Here is the routing architecture I use in production:
// multi-model-router.ts
// Routes tasks to the cheapest capable model based on complexity classification
type ModelTier = 'haiku' | 'sonnet' | 'opus'
interface TaskClassification {
tier: ModelTier
reason: string
estimatedTokens: number
}
interface RouterConfig {
haiku: { model: string; inputCostPerMTok: number; outputCostPerMTok: number }
sonnet: { model: string; inputCostPerMTok: number; outputCostPerMTok: number }
opus: { model: string; inputCostPerMTok: number; outputCostPerMTok: number }
}
const ROUTER_CONFIG: RouterConfig = {
haiku: {
model: 'claude-haiku-4-5-20251001',
inputCostPerMTok: 0.25,
outputCostPerMTok: 1.25,
},
sonnet: {
model: 'claude-sonnet-4-6',
inputCostPerMTok: 3.0,
outputCostPerMTok: 15.0,
},
opus: {
model: 'claude-opus-4-7',
inputCostPerMTok: 5.0,
outputCostPerMTok: 25.0,
},
}
// Complexity signals that force Opus routing
const OPUS_SIGNALS = [
/security|vulnerability|CVE|auth|payment|webhook/i,
/architecture|refactor.*cross.cutting|design.*system/i,
/multi.file.*analysis|codebase.*review/i,
/trust.boundary|privilege|escalation/i,
]
// Signals that allow Haiku routing (cheap, mechanical tasks)
const HAIKU_SIGNALS = [
/format|lint|rename|replace.all/i,
/meta.description|seo.title|alt.text/i,
/translate|summarize.in.[0-9]+.words/i,
/extract.*list|parse.*json|convert.*csv/i,
]
export function classifyTask(prompt: string, contextTokens: number = 0): TaskClassification {
// High-stakes tasks always go to Opus regardless of apparent simplicity
for (const signal of OPUS_SIGNALS) {
if (signal.test(prompt)) {
return {
tier: 'opus',
reason: 'trust-boundary signal detected',
estimatedTokens: contextTokens + prompt.length / 4,
}
}
}
// Large context forces at least Sonnet (Haiku quality degrades with context)

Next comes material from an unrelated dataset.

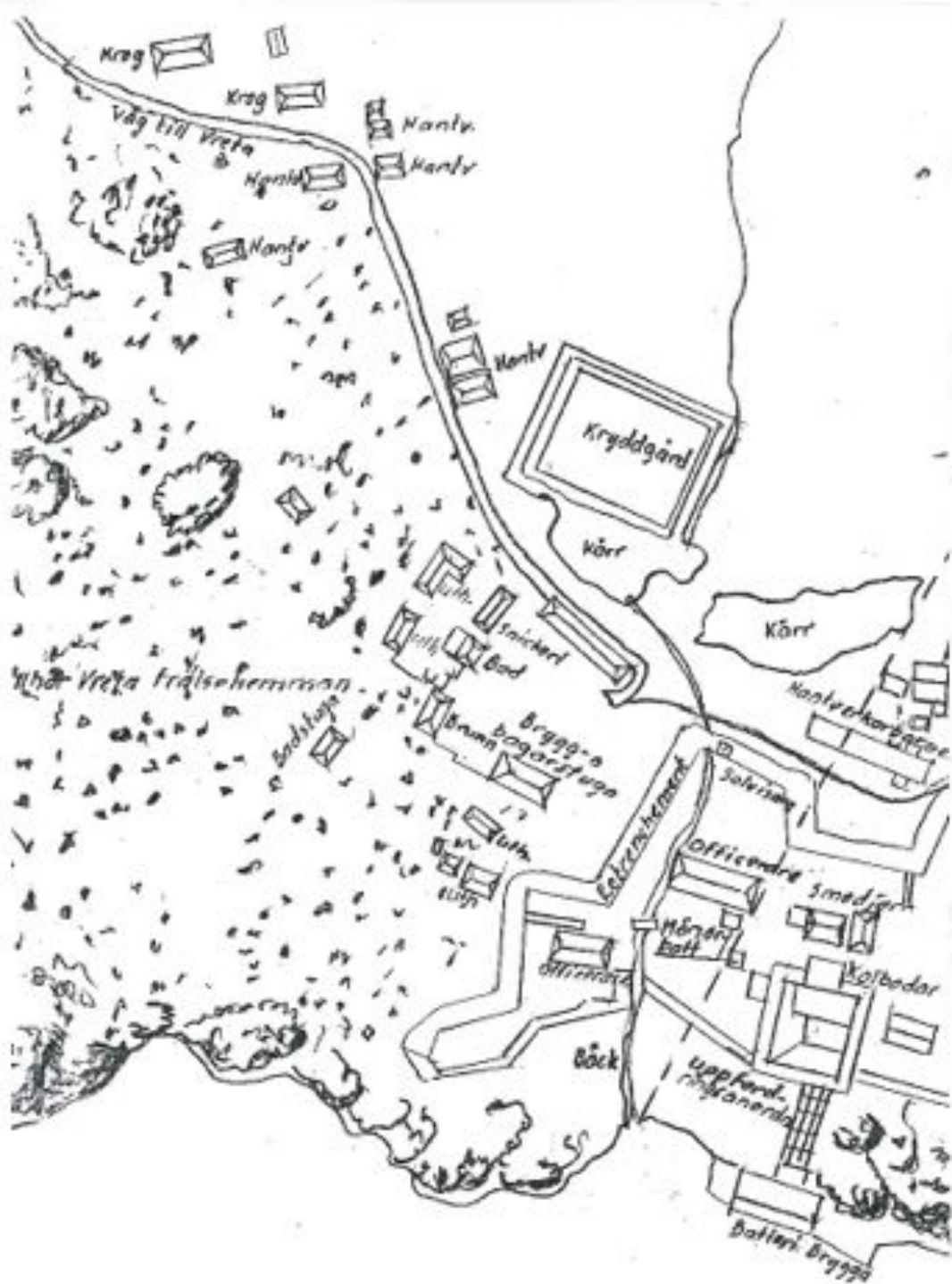
Avritning av: Situationsplan över Värmdö plateån vid Ordjupet 17
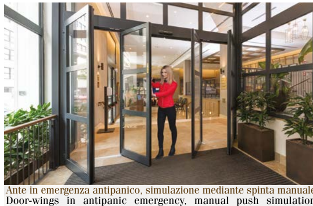
Ante in emergenza antipanico, simulazione mediante spinta manuale Door-wings in antipanic emergency, manual push simulation

if (contextTokens > 50_000) {
return {
tier: 'sonnet',
reason: 'large context window',
estimatedTokens: contextTokens + prompt.length / 4,
}
}
// Mechanical/formatting tasks can use Haiku
for (const signal of HAIKU_SIGNALS) {
if (signal.test(prompt)) {
return {
tier: 'haiku',
reason: 'mechanical task signal',
estimatedTokens: contextTokens + prompt.length / 4,
}
}
}
// Default: Sonnet handles most feature work and routine edits
return {
tier: 'sonnet',
reason: 'default routing',
estimatedTokens: contextTokens + prompt.length / 4,
}
}
export function getModel(tier: ModelTier): string {
return ROUTER_CONFIG[tier].model
}
export function estimateCost(tier: ModelTier, inputTokens: number, outputTokens: number): number {
const config = ROUTER_CONFIG[tier]
return (inputTokens / 1_000_000) * config.inputCostPerMTok +
(outputTokens / 1_000_000) * config.outputCostPerMTok
}
This router reduced my Opus 4.7 usage from 100% of calls to roughly 15% — the genuinely complex architectural and security tasks that actually need it. Sonnet handles about 60% of calls (feature implementation, analysis, most agent steps). Haiku handles the remaining 25% (formatting, SEO rewrites, batch string operations). The cost profile shifted from ~$5/MTok average to ~$2.20/MTok average — a 56% reduction in model cost alone, before any token optimization.
GPT-5.5 uses 72% fewer tokens per task than Opus 4.7 for equivalent outputs on coding benchmarks, which changes the economics of cross-provider routing. At $5/$30 per MTok, GPT-5.5 looks more expensive per token than Opus 4.7 at $5/$25. But at 72% token reduction on similar tasks, the effective cost is lower. Routing provider by task type — not just model by task type — is the next frontier of cost optimization, and OpenAI’s efficiency gains are what make it worth modeling.
The multi-model routing developer guide has a more detailed breakdown of cross-provider routing for specific task classes.
Token Optimization Techniques That Actually Work
Routing gets you 40-60% cost reduction. Token optimization gets you the rest. These are the techniques with meaningful impact at production scale.
Context trimming before each agent step. Most agent frameworks accumulate context naively — every tool result, every intermediate output appended to the running context. By step 8 of a 10-step workflow, 60-70% of your input tokens are intermediate results that the model does not need to reason about the current step. Trim aggressively: keep the original task, the most recent 2-3 tool results, and any critical constraints. Archive the rest.
// token-counter.ts — measure and trim context before agent steps
interface ContextWindow {
systemPrompt: string
task: string
history: Array<{ role: 'user' | 'assistant'; content: string; stepIndex: number }>
maxTokens: number
}
function estimateTokens(text: string): number {
// Rough approximation: 4 characters per token for English
return Math.ceil(text.length / 4)
}
export function trimContext(ctx: ContextWindow, targetTokenBudget: number): ContextWindow {
const systemTokens = estimateTokens(ctx.systemPrompt)
const taskTokens = estimateTokens(ctx.task)
const overhead = systemTokens + taskTokens + 500 // reserve for response
let budget = targetTokenBudget - overhead
const kept: typeof ctx.history = []
// Always keep the most recent 3 steps (recency bias is real)
const recent = ctx.history.slice(-3)
for (const step of recent) {
const cost = estimateTokens(step.content)
if (cost <= budget) {
kept.unshift(step)
budget -= cost
}
}
// Fill remaining budget with older steps (most recent first)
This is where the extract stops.